→ **To do**:
Do not repeat pictures. Repeat exactly the lines of the listing below from its first line through the line with "エレガント 軽量 sn0294as".

→ **Given data**:

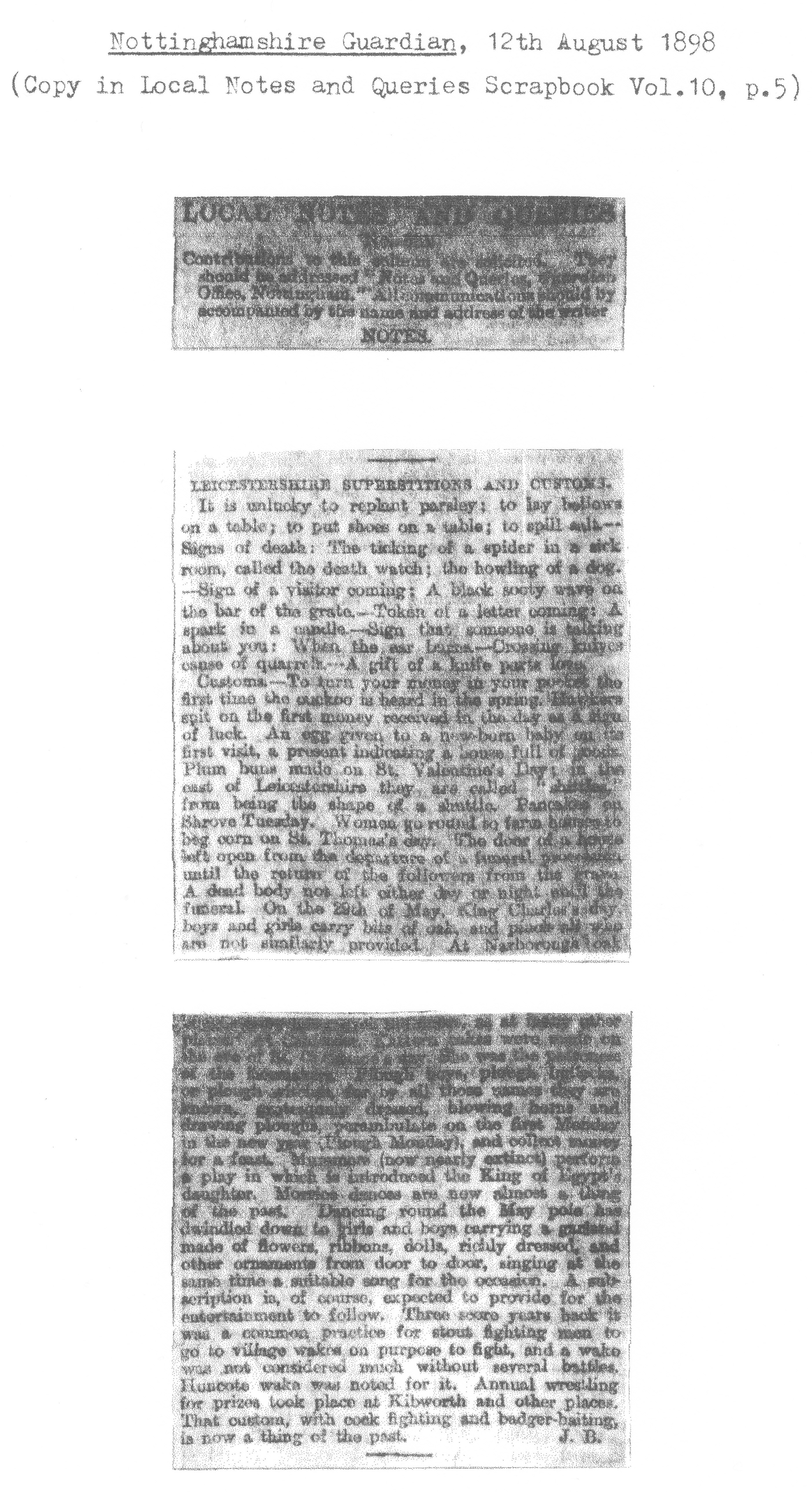 *LOCAL NOTES AND QUERIES: LEICESTERSHIRE SUPERSTITIONS AND CUSTOMS
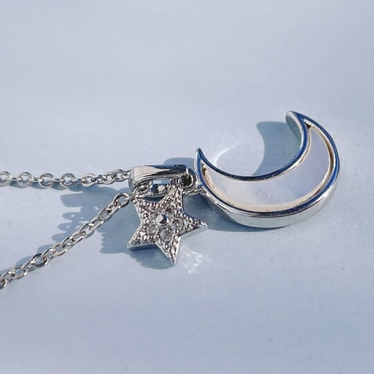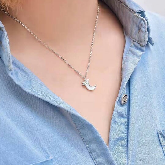 Terseスターリングシルバーの月と星ペンダントシルバー925 マザーオブパール&CZダイヤ装飾が施されたネックレスは、静かでエレガントな星空の夜をイメージさせます 控え目に胸元を彩るミルキーホワイトは装いの品の良いアクセントとしてもおすすめです バレンタイン 2026 ギフト 彼女 妻 母 友チョコ スターリングシルバー925 月と星 マザーオブパール ホワイト エレガント 軽量 sn0294as
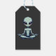 "Den här stilla designen har en tecknad-stil-utlänning med ljusblått grönt, stort svart ögon och ett serenuttryck som sitter i en lotus meditationsform. Händer vilar försiktigt på knä i en meditativ mudra. Denna utformning förmedlar en känsla av fred, sinnesstämning och annan världslig lugn. Denna mångsidiga utformning skulle kunna användas för produkter som främjar avslappning, meditation eller en aning kosmisk stollig. Föreställ dig det på yoga kläder, meditationsdynor, lugnande hemdekor eller inspirationspaterial."

→ **Response to this task**:
 *LOCAL NOTES AND QUERIES: LEICESTERSHIRE SUPERSTITIONS AND CUSTOMS
 Terseスターリングシルバーの月と星ペンダントシルバー925 マザーオブパール&CZダイヤ装飾が施されたネックレスは、静かでエレガントな星空の夜をイメージさせます 控え目に胸元を彩るミルキーホワイトは装いの品の良いアクセントとしてもおすすめです バレンタイン 2026 ギフト 彼女 妻 母 友チョコ スターリングシルバー925 月と星 マザーオブパール ホワイト エレガント 軽量 sn0294as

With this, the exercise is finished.